- EXERCISE INSTRUCTIONS
Where a picture appears, skip it and copy everything else in the listing exactly.

- RECORDS FOR THE EXERCISE

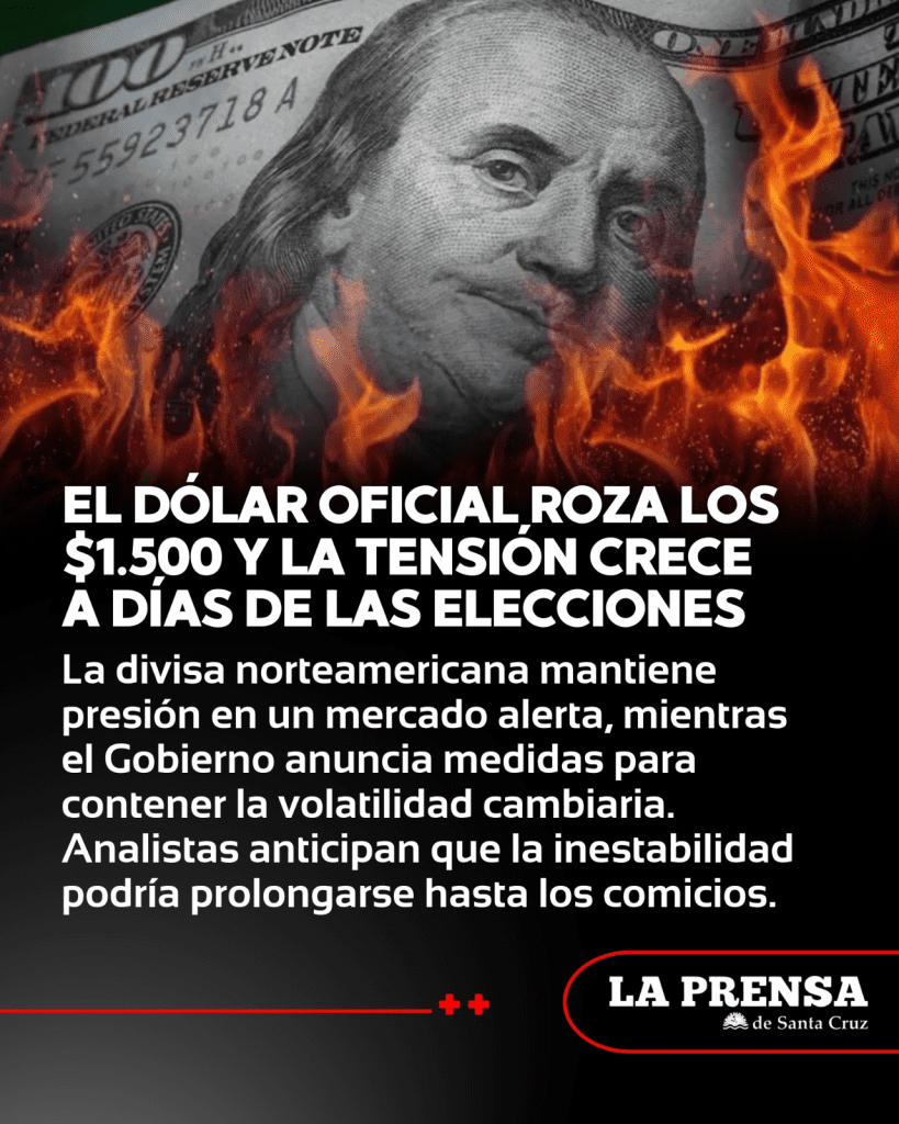 El dólar oficial se acercó a los $1.500 y superó los $1.550 en las cotizaciones financieras, como MEP y CCL, en los días previos a las elecciones generales. La demanda de divisas se mantiene firme, mientras el Gobierno multiplica anuncios con el objetivo de tranquilizar a los inversores. Entre las medidas más recientes se confirmó un swap con Estados Unidos por 20.000 millones de dólares, de libre disponibilidad, junto con una recompra de deuda, iniciativas que buscan sostener la confianza pero que hasta el momento no lograron contener la volatilidad cambiaria.
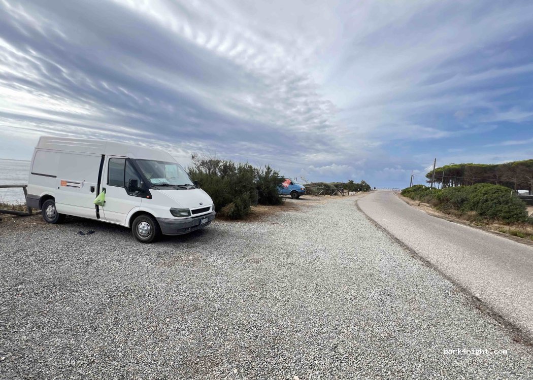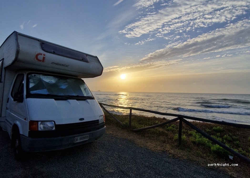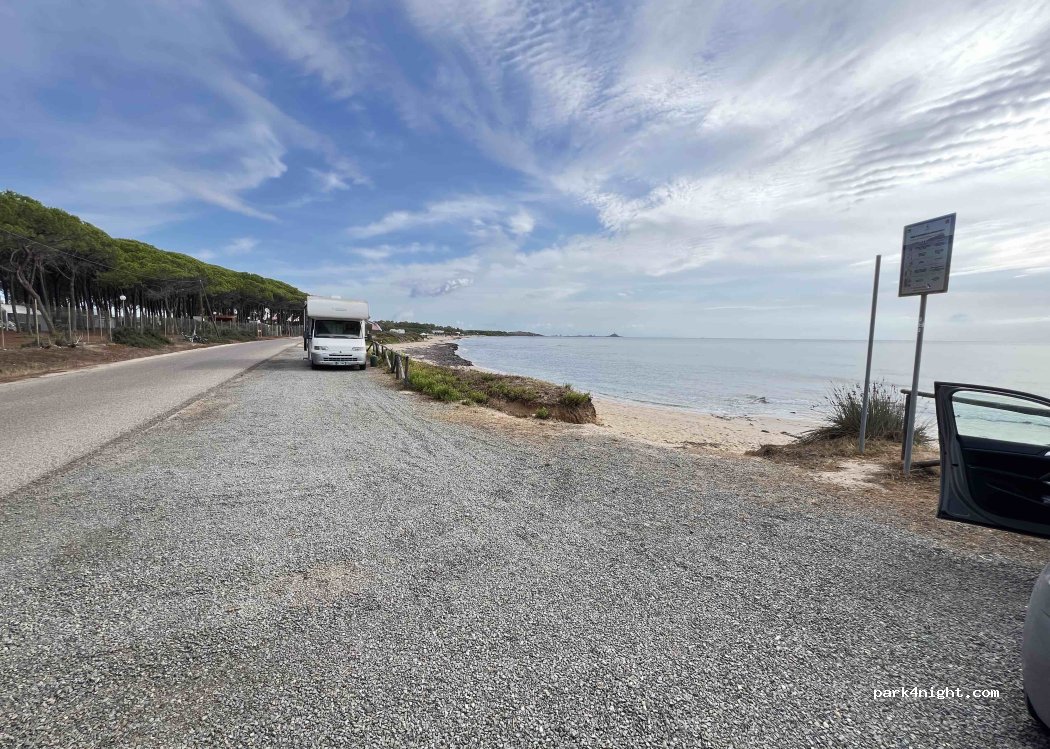 Parcheggio gratuito giorno e notte sul mare, fronte campeggio. passano poche auto. si dorme benissimo. a 5 minuti a piedi c è una zona bagni gratuita con doccia. si può entrare nel campeggio che c è poco piu avanti che ha un bar e il market.
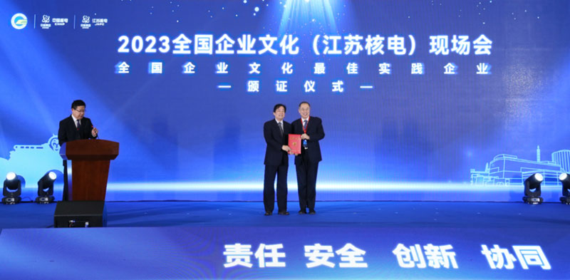 本次現(xiàn)場會由中國企業(yè)聯(lián)合會、中國企業(yè)家協(xié)會主辦,中國核能電力股份有限公司承辦,江蘇核電有限公司協(xié)辦。會場近百名來自全國各地的企業(yè)文化領(lǐng)域?qū)<覍W者和嘉賓共同見證江蘇核電有限公司摘獲“全國企業(yè)文化最佳實踐企業(yè)”稱號。
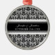 Customisable wedding ornament in elegant and modern black and white classic floral damask pattern. Perfect as a christmas keepsake to remember your special day or celebrate your first christmas or as personalised wedding favours.
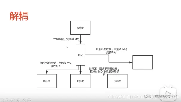 A系统如果要调用B、C、D系统时,只需要将A的请求数据发送到MQ中再由BCD系统区进行消费,添加了MQ之后如果再需要新增修改BCD系统的功能就和A系统关联不大了。
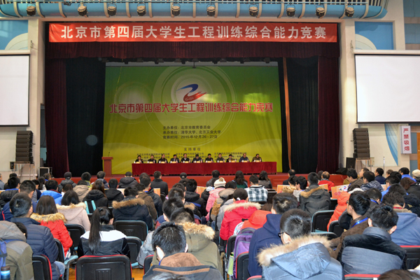 12月26-27日,由北京市教委主办、mg4355官网与清华大学联合承办的北京市第四届大学生工程训练综合能力竞赛在mg4355官网体育馆成功举行。教育部高教司实验室处副处长高东峰、北京市教委高教处处长邵文杰、石景山区副区长田利跃、北京建筑大学副校长张大玉、mg4355vip线路主页检测校长郑文堂和副校长王建稳等领导出席了开幕式。开幕式由教务处副处长王侃主持,王建稳副校长致辞;mg4355官网王灿晖同学代表参赛学生宣誓,中国农业大学张宾教授代表裁判员宣誓。
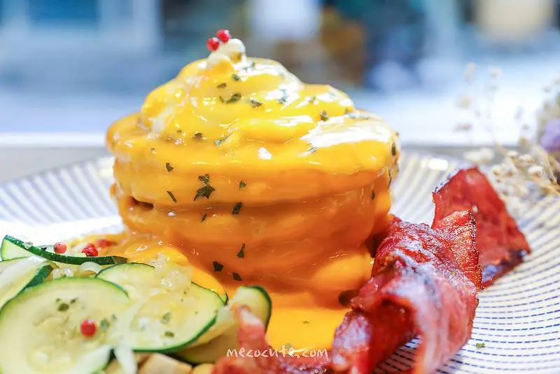 看那邪惡的小瀑布,起司在煎餅上失控的模樣直叫人瘋狂。桌的水波蛋起司煎餅熱呼呼的模樣實在讓人流口水,一層一層的煎餅被起司包覆形成小山壁,一旁還有櫛瓜跟培根陪襯著,顏色豐富,非常吸引人。<全文介紹及店家資訊>![]()
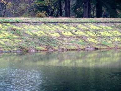 草が…越流面からエプロン全体に草が固まりで生えています。
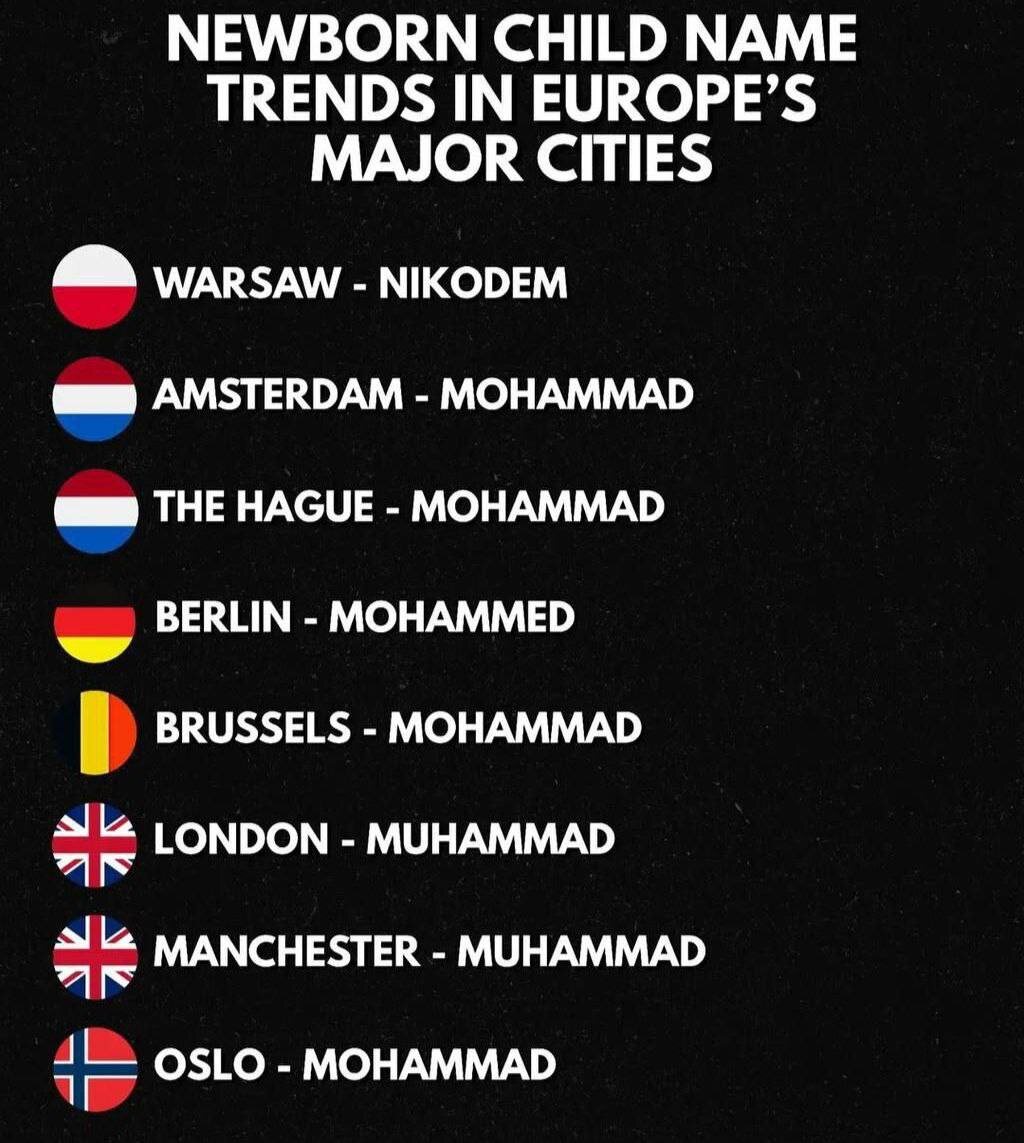 ⏺Самые популярные имена новорожденных в европейских столицах. Только одна Варшава заимела славянское имя, а не кишлачную отрыжку раннего средневековья. В России пока что в одном ХМАО подобное присутствует. ✅ ПЕРВЫЕ НОВОСТИ 🇷🇺
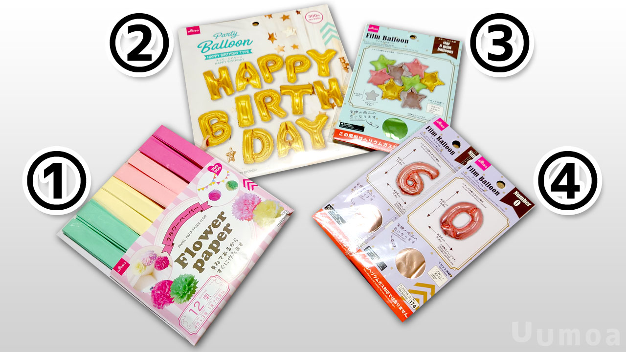 | ④数字バルーン6と0 | 各110円=220円(税込) |

- TASK ANSWER
 El dólar oficial se acercó a los $1.500 y superó los $1.550 en las cotizaciones financieras, como MEP y CCL, en los días previos a las elecciones generales. La demanda de divisas se mantiene firme, mientras el Gobierno multiplica anuncios con el objetivo de tranquilizar a los inversores. Entre las medidas más recientes se confirmó un swap con Estados Unidos por 20.000 millones de dólares, de libre disponibilidad, junto con una recompra de deuda, iniciativas que buscan sostener la confianza pero que hasta el momento no lograron contener la volatilidad cambiaria.
 Parcheggio gratuito giorno e notte sul mare, fronte campeggio. passano poche auto. si dorme benissimo. a 5 minuti a piedi c è una zona bagni gratuita con doccia. si può entrare nel campeggio che c è poco piu avanti che ha un bar e il market.
 本次現(xiàn)場會由中國企業(yè)聯(lián)合會、中國企業(yè)家協(xié)會主辦,中國核能電力股份有限公司承辦,江蘇核電有限公司協(xié)辦。會場近百名來自全國各地的企業(yè)文化領(lǐng)域?qū)<覍W者和嘉賓共同見證江蘇核電有限公司摘獲“全國企業(yè)文化最佳實踐企業(yè)”稱號。
 Customisable wedding ornament in elegant and modern black and white classic floral damask pattern. Perfect as a christmas keepsake to remember your special day or celebrate your first christmas or as personalised wedding favours.
 A系统如果要调用B、C、D系统时,只需要将A的请求数据发送到MQ中再由BCD系统区进行消费,添加了MQ之后如果再需要新增修改BCD系统的功能就和A系统关联不大了。
 12月26-27日,由北京市教委主办、mg4355官网与清华大学联合承办的北京市第四届大学生工程训练综合能力竞赛在mg4355官网体育馆成功举行。教育部高教司实验室处副处长高东峰、北京市教委高教处处长邵文杰、石景山区副区长田利跃、北京建筑大学副校长张大玉、mg4355vip线路主页检测校长郑文堂和副校长王建稳等领导出席了开幕式。开幕式由教务处副处长王侃主持,王建稳副校长致辞;mg4355官网王灿晖同学代表参赛学生宣誓,中国农业大学张宾教授代表裁判员宣誓。
 看那邪惡的小瀑布,起司在煎餅上失控的模樣直叫人瘋狂。桌的水波蛋起司煎餅熱呼呼的模樣實在讓人流口水,一層一層的煎餅被起司包覆形成小山壁,一旁還有櫛瓜跟培根陪襯著,顏色豐富,非常吸引人。<全文介紹及店家資訊>![]()
 草が…越流面からエプロン全体に草が固まりで生えています。
 ⏺Самые популярные имена новорожденных в европейских столицах. Только одна Варшава заимела славянское имя, а не кишлачную отрыжку раннего средневековья. В России пока что в одном ХМАО подобное присутствует. ✅ ПЕРВЫЕ НОВОСТИ 🇷🇺
 | ④数字バルーン6と0 | 各110円=220円(税込) |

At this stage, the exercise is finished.